Integrated into 'main-golden', will be available in build *200810310201* on http://bits.netbeans.org/dev/nightly/ (upload may still be in progress) Changeset: http://hg.netbeans.org/main/rev/299f2490cfa5 User: David Van Couvering <davidvc@netbeans.org> Log: #151513: Error message appears by attempt to add column to an index
Why is calling addColumn() in the event thread a bad idea, when all it does (TableNodeInfo.addColumn()) is notifyChange(), which should schedule a refresh of the nodes in a background thread?
Which changeset are you talking about Andrei? There is no call to addColumn() in the changeset for this fix.
I was reacting to your comment in desc4. Adding the column in the event thread doesn't seem to matter here, because (according to TableNodeInfo.addColumn()) adding a column means refreshing the column nodes, which should happen in a background thread. So I wonder how exactly the problem reported by Roman occurred.

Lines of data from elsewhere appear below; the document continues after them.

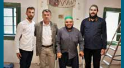
Načelnik Hadžibajrić sa članovima džematskog odbora

U obilasku Buzadži hadži Jahjine džamije: Sanirani krov, munara, ograda i instalacije
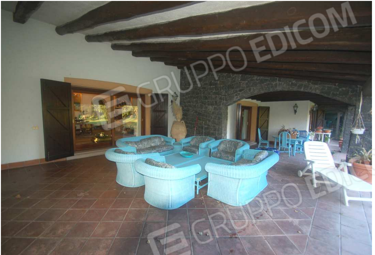
VISTA 46: Piano Terra – Portico/Veranda posteriore
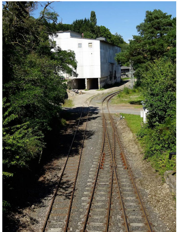
Blick auf die Werksanlagen am Bahnhof Brenk.
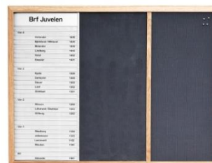
Woodline Light 3-fack. Inredd med lameller samt puretyg.

Woodline Light tillverkas som standard i massiv ek men kan också fås i bok eller björk. För att passa övrig interiör kan vi också betsa Woodline Light i önskad kulör med Woodstain.
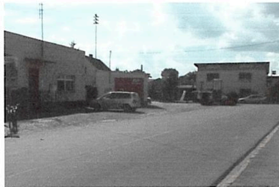
Główne skrzyżowanie w centrum wsi
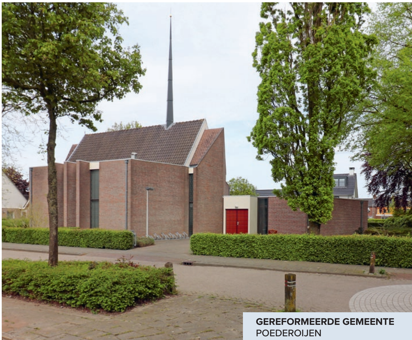
GEREFORMEERDE GEMEENTE POEDEROIJEN

Oh, I see. Well, what the code actually does is call NodeInfo.refreshChildren(), and refreshChildren() calls initChildren(), and IndexNodeInfo.initChildren() calls testDatabaseConnection(), which calls getJDBCConnection(test), which can't be called on the event thread. Now, perhaps it shouldn't call refreshChildren() and instead call notifyChange(). But the action was doing a *ton* of work with the database on the event thread, so I moved it all to a RequestProcessor thread, including the call to refreshChildren(). I could probably have fixed the bug by either calling notifyChange() or putting the call to refreshChildren() on a background thread, but I thought it better to put the whole thing on a background thread while I was at it. Now that I'm thinking further about this, I suspect there are other places where we call refreshChildren() on the event thread, and they'll get the same exception. I'll talk to Rob about this, it would be good to should fix this in a more centralized place rather than having all the actions need to know they need to call refreshChildren() on a background thread.